Der EuGH zeigt der Justiz und dem Gesetzgeber die Instrumente, mit denen sie soziale Medien in die Pflicht nehmen können, während nationale Gerichte die Standards für Beleidigung selbst bestimmen. Von ihren Entscheidungen hängt ab, ob Betroffene wirksam gegen Hass und Hetze geschützt werden.

Fall Künast: Gefahr für die Demokratie

Ein Beschluss des Landgerichts Berlin sorgte in diesem Kontext für große öffentliche Empörung: Die Richter hatten geurteilt, dass die Grünen-Politikerin Renate Künast bestimmte Online-Beleidigungen hinnehmen müsse. Sie darf demnach als „Stück Scheiße“ und „Geisteskranke“ bezeichnet werden. Auch „Drecks Fotze“ sei noch „haarscharf“ an der Grenze des Hinnehmbaren.

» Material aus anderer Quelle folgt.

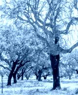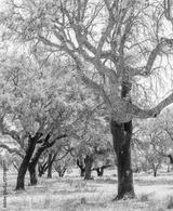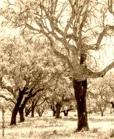 Cork oak farm. Oak trunks with renewable bark suitable for stripping in the nearest years.
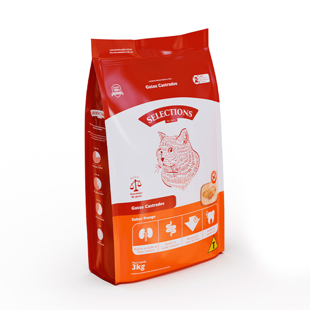 Ração Selections For Pet para Gatos Adultos Castrados Sabor Frango
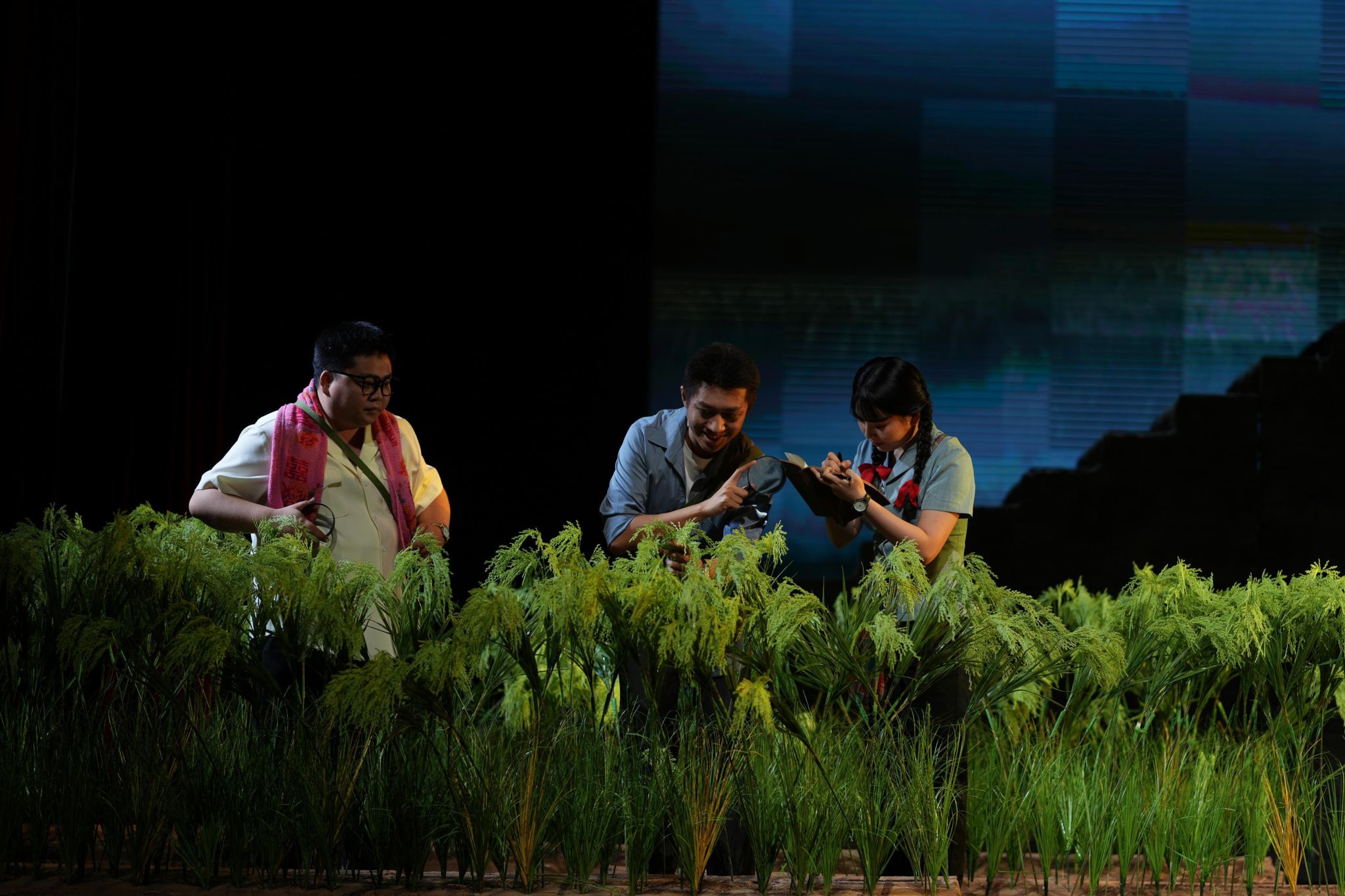 该剧以袁隆平院士的科研人生为主线,由学校师生深情创作演绎。舞台上,师生们以校友演校友,学弟演学长的方式真实还原了袁隆平求学、科研的关键场景,通过沉浸式舞台艺术展现了袁隆平院士“禾下乘凉梦”的初心与坚守,以及脚踏实地把论文写在祖国大地上的崇高风范,诠释了袁隆平院士 “让所有人远离饥饿” 的伟大情怀与 “人就像种子,要做一粒好种子” 的生命哲学。

Um die Standards klarer zu definieren, hat Künast gegen diese Entscheidung Beschwerde eingelegt: „Im Unterschied zum Landgericht halte ich die getätigten Äußerungen über mich keineswegs für hinnehmbar“, so die Politikerin. „Als demokratische Gesellschaft dürfen wir einen solchen Umgangston nicht akzeptieren.“

Eine Anwaltskanzlei hat die drei zuständigen Richter wegen Rechtsbeugung angezeigt. Die Entscheidung des Gerichts sei unvertretbar und habe sie empört. Die Äußerungen gegen Künast seien keine Auseinandersetzungen in der Sache, sondern müssten klar als „Formalbeleidigungen“ bewertet werden.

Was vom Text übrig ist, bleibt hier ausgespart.